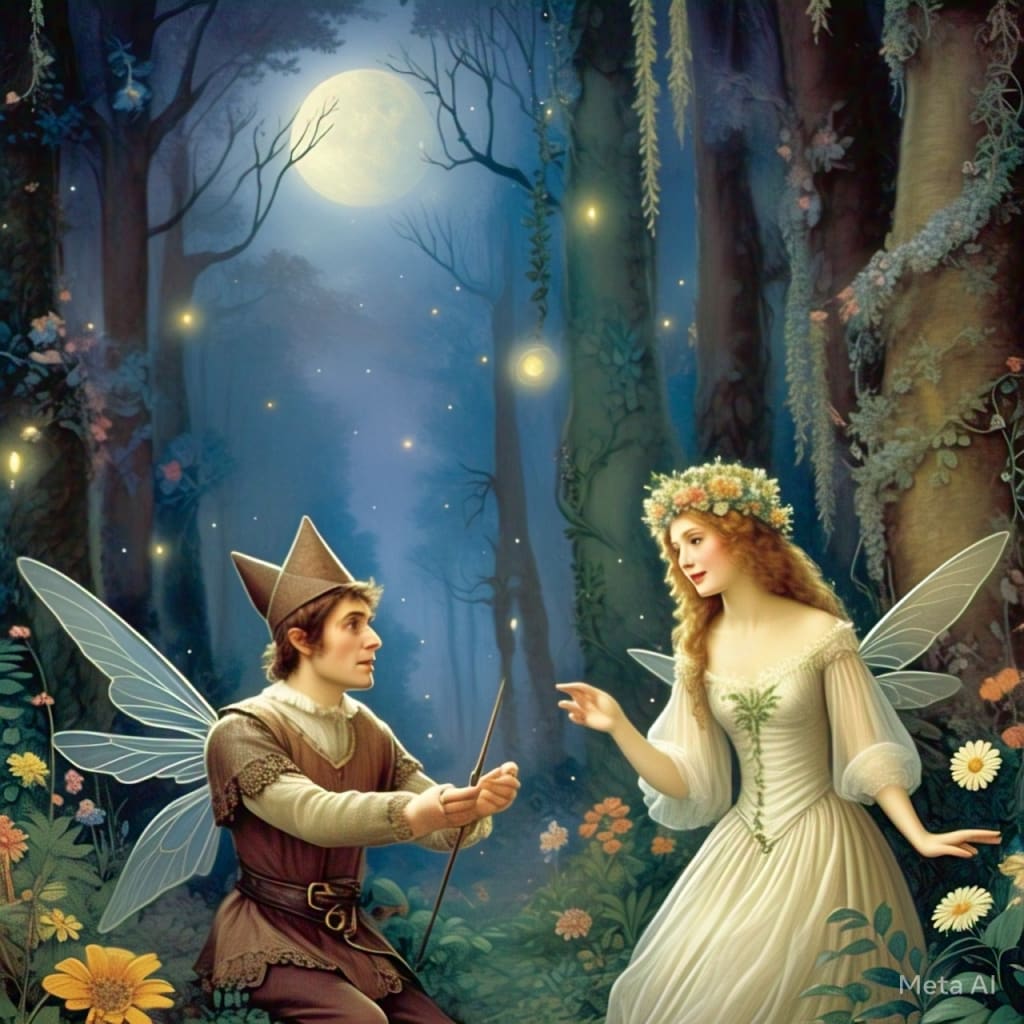 But this forest was no ordinary place. It was a realm of fairies, ruled by the mighty Oberon and his queen, Titania. These two powerful beings were in the midst of a bitter quarrel over a changeling boy that Titania refused to give up to Oberon.
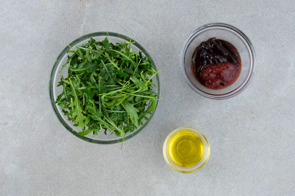 Den Rucola ggf. verlesen. 2EL Olivenöl mit 2TL Essig sowie je 1 kräftigen Prise Salz und Pfeffer zu einem Dressing verrühren und kurz vor dem Servieren mit dem Rucola vermengen. Für den Dip die Hoisinsauce mit 4EL Ketchup verrühren.
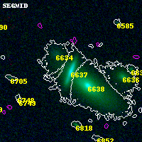 Black segments are analyzed here. Roll mouse over color images to view segments. Best viewed in a wide browser window (1200 pixels or more). Download SED & P(z) plots to view larger versions.
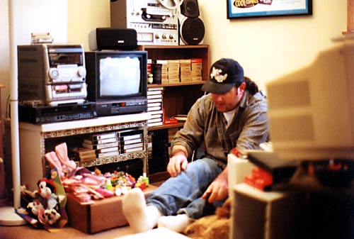 Yakko gets comfy to work on his laptop and help network Vakko's machines.
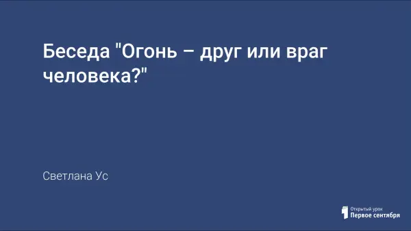 Занятие расширяет знания учащихся о пользе и вреде огня, о правилах пожарной безопасности, прививает навыки осторожного обращения с огнём, учит учащихся правильным действиям в случае возникновения пожара.
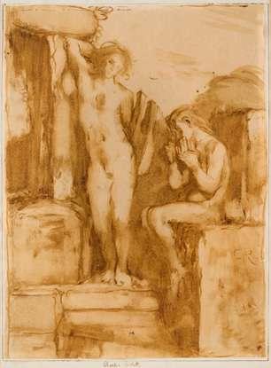 with the blue Carl Rolas du Rosey collection stamp (Lugt 2237) lower left; pen and brown ink on paper; 13 x 11cm; 5¼ x 4¼in (48 x 44cm; 19 x 17¼in framed)
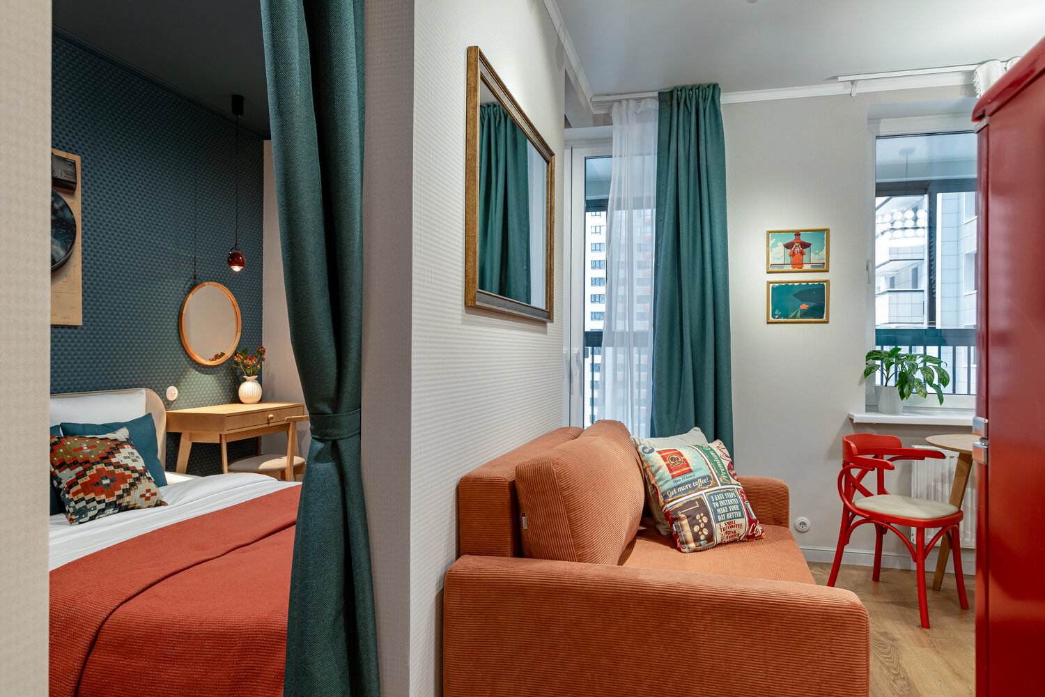 Фотография: Спальня в стиле Современный, Малогабаритная квартира, Квартира, Студия, Проект дня, Москва, до 40 метров, малогабаритки, современный с элементами ретро, фото интерьера, дизайн интерьера фото, Светлана Немцова – фото на INMYROOM
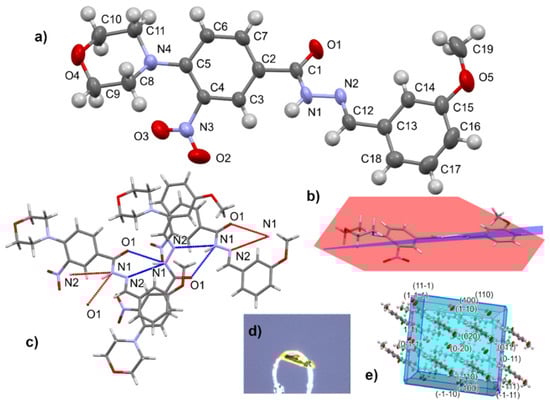 Ortep view on molecule 15 with atom numbering scheme (a), side view of the molecule (b), bifurcated N1-H1…O1 and N1-H1…N2 hydrogen bonds (c), crystal form (d), and morphology with Miller indices of main crystal faces (e).
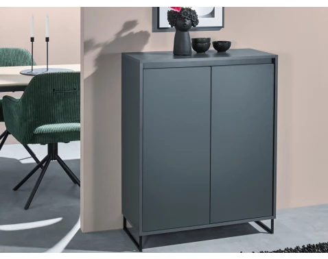 Skříňka 2-dveřová z řady Cologne má šířku 80 cm a je vyrobena v antracitově šedém provedení. Moderní minimalistický styl dotváří černá kovová podnož.
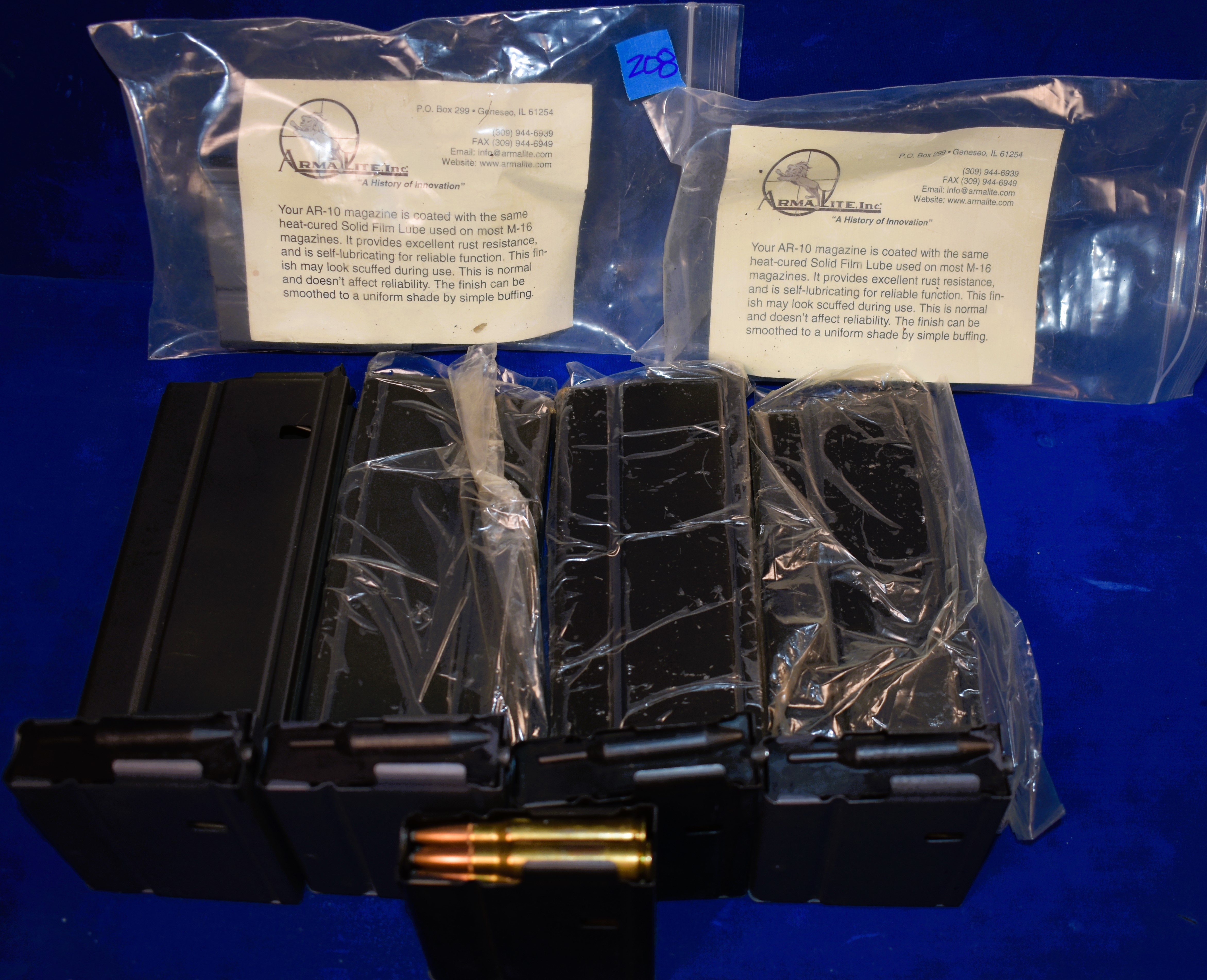 Factory New Old Stock -Lot of 7 – Arma Lite 308 Win AR-10 Mags. Details as follows: 4 Mags – 20 Rounds and 7 Mags – 10 Rounds.
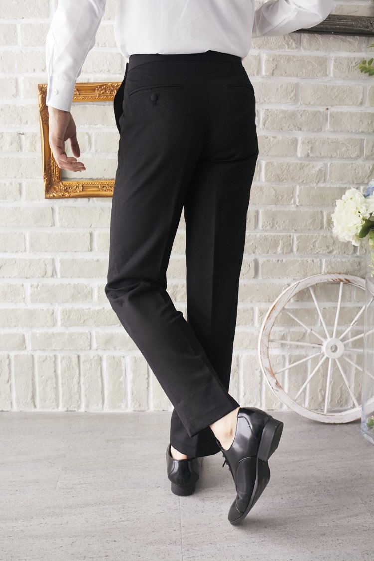ブラックのパンツはマットな仕上がりで、とても上品な素材です。セットのジャケットと合わせれば暗めな色味でも華やかな印象になります。挙式などにもお使い頂けるデザインとなっておりますので、前撮り写真撮影にもおすすめです。生地感はそれ程厚くないので、長時間着ていても負担は少ないと思います。披露宴のお色直し、二次会、1.5次会、リゾートウェディング、レストランウェディング、パーティー、様々なシーンでご利用頂けます。
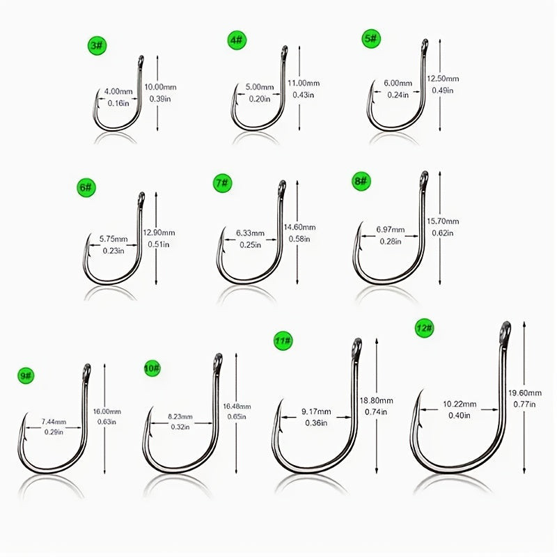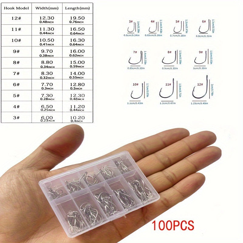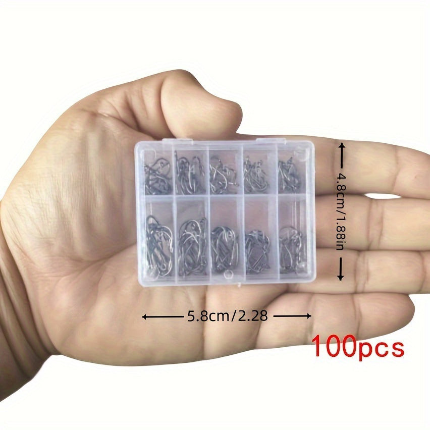 (Mennyiség) 100 darabos szett: Ez a szett 100 különböző méretű horgot tartalmaz, így bármilyen horgászati helyzetre fel vagy készülve.

════════

Restate word for word the lines running from the first line of the material to the line containing "with the blue", inclusive, and drop every picture.

 But this forest was no ordinary place. It was a realm of fairies, ruled by the mighty Oberon and his queen, Titania. These two powerful beings were in the midst of a bitter quarrel over a changeling boy that Titania refused to give up to Oberon.
 Den Rucola ggf. verlesen. 2EL Olivenöl mit 2TL Essig sowie je 1 kräftigen Prise Salz und Pfeffer zu einem Dressing verrühren und kurz vor dem Servieren mit dem Rucola vermengen. Für den Dip die Hoisinsauce mit 4EL Ketchup verrühren.
 Black segments are analyzed here. Roll mouse over color images to view segments. Best viewed in a wide browser window (1200 pixels or more). Download SED & P(z) plots to view larger versions.
 Yakko gets comfy to work on his laptop and help network Vakko's machines.
 Занятие расширяет знания учащихся о пользе и вреде огня, о правилах пожарной безопасности, прививает навыки осторожного обращения с огнём, учит учащихся правильным действиям в случае возникновения пожара.
 with the blue Carl Rolas du Rosey collection stamp (Lugt 2237) lower left; pen and brown ink on paper; 13 x 11cm; 5¼ x 4¼in (48 x 44cm; 19 x 17¼in framed)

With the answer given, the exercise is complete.